Alberta’s Premier Ed Stelmach claims that when it comes to bringing more and bigger oil tankers to BC’s coast, the decision is industry’s to make.

Mr. Stelmach and the rest of Canada’s oil lobby have been engaged in an effort to protect Alberta’s tar sands companies from proposed US climate policy. In doing so, they have implied an authority over British Columbia’s lands and waters that they don’t have.

Over the last few years, the ‘Dirty Oil’ image of Alberta’s tar sands has been getting progressively worse. Lobbyists and Public Relations officials have been unable to keep a lid on the dramatic footprint that this ‘bottom-of-the-barrel’ fuel stamps on people; and the land, water, and climate.

Those revelations have fed into an ongoing trend in the United States, most notably following the election of Barrack Obama, towards policy that seeks to transition away from carbon-intensive fuels and energy. This trend has lit a fire under the Alberta’s tar sands industry, who see it as a significant threat to further expansion.

In response, the three entities that largely comprise Canada’s oil lobby: (1) The Canadian Association of Petroleum Producers (CAPP), (2) the Alberta Government, and (3) the Federal Government, have been pulling out all the stops to protect tar sands companies’ access to US markets.

One of their favorite tactics has been to threaten to send more of Canada’s oil to Asia, via more and bigger tankers through BC’s coast.

Oil Industry Threatens the ‘Asian Alternative ‘

Alberta’s Premier: ‘if we need to build a pipeline to BC’s coast, we will’

Alberta’s Premier Ed Stelmach: “We will not only depend on the American market. We will expand markets. If that means building a pipeline to the coast and selling oil to another country, we will,” Stelmach told reporters last year.

Stelmach later modified his stance saying it is up to the industry to decide whether they should build a pipeline to the coast in search ofnew markets.

“If there’s further resource development and otherparts of the world are crying for energy, the companies in the pipelinebusiness, I’m sure, will determine that and make that decision,” hesaid.

Canada’s Federal Trade Minister Stockwell Day agrees, saying that the building of pipelines and tanker projects through BC amount to “private sector decisions”

Canada’s largest private oil lobby (CAPP) has put it more subtly.
CAPP President David Collyer: “We see potential constraints to access to the U.S. market…I think the only realistic option, as an alternative to the U.S. in the near term, would be exports off the West Coast to the Far East.”

The general logic implied by the threat is that oil shipped to Asia decreases US energy and national security…’If you squeeze us’, says the tar sands lobby, ‘we’ll make it so that you really just end up squeezing yourself’.

But a threat needs to be made credible to have any power.

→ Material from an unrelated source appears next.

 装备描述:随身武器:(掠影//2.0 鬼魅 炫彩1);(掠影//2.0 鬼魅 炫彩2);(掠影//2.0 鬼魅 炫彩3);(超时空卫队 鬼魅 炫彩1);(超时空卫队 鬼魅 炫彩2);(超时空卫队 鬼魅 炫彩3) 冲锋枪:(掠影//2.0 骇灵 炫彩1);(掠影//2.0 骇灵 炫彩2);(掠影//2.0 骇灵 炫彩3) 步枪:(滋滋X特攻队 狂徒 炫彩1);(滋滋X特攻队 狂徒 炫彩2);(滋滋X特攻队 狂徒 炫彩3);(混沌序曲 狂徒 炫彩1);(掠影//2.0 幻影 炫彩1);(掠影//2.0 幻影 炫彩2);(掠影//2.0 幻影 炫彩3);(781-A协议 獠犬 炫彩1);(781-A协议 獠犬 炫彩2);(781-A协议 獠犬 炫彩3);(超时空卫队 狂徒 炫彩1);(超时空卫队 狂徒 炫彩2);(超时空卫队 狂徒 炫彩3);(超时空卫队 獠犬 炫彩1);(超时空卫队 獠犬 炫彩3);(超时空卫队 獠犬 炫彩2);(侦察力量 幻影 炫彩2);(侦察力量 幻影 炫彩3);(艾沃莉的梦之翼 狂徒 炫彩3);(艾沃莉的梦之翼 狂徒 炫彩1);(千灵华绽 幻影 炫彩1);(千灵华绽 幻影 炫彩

Oil Industry’s Threat is BC’s Loss

And that credibility is gained in large part by marginalizing the right of British Columbians to decide, for ourselves (1).  The decision to send oil to Asia is made to look like it really is up to the oil patch…that the definitive ‘thumbs-up’ on pipelines and tankers through BC is given by oil company ink on paper, not by us or our local representatives.

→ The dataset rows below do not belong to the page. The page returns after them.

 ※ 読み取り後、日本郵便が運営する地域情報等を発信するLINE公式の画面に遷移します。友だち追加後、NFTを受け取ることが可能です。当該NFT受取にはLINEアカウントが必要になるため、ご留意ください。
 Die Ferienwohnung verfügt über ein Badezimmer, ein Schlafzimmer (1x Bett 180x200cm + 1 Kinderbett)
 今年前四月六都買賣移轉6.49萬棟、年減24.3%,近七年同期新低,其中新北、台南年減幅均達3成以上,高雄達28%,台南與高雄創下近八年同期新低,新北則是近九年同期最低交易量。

Gordon Campbell has been complicit in this threat via his support for an ‘Energy Corridor’ of oil and gas from Alberta to BC’s coast. Most recently, though indirectly, at a Premiers gathering in the Yukon. But frankly, it is not his decision to make either.

Indeed, though the ultimate decision over projects like Gateway is essentially designed to be in the hands of industry – via a review process that emphasizes mitigation of bad effects over an examination of the bigger picture – any process or institution in our democracy is only as legitimate as its popular support.

And with that as my measure, I look to the 72% of British Columbians who oppose north coast oil tanker traffic, to the thousands of British Columbians calling for a public inquiry, and to affected First Nations who are asserting their legitimate authority over the project, and I say confidently to Mr. Stelmach, Mr. Collyer, Gordon Campbell, and the oil industry writ large that sorry, this is not up to you.

1  –  The threat gains further credibility in the presence of an active West Coast pipeline proposal: Enbridge’s Northern Gateway project. The $100 million dollar question is: are some of Enbridge’s Gateway financial backers more interested in the value of the idea of Gateway – as measured in leverage against US policy – more than the actual pipeline itself? If so, British Columbians are being used to a proportional degree as pawns in an international, oily chess match. For the record, I’m not OK with that.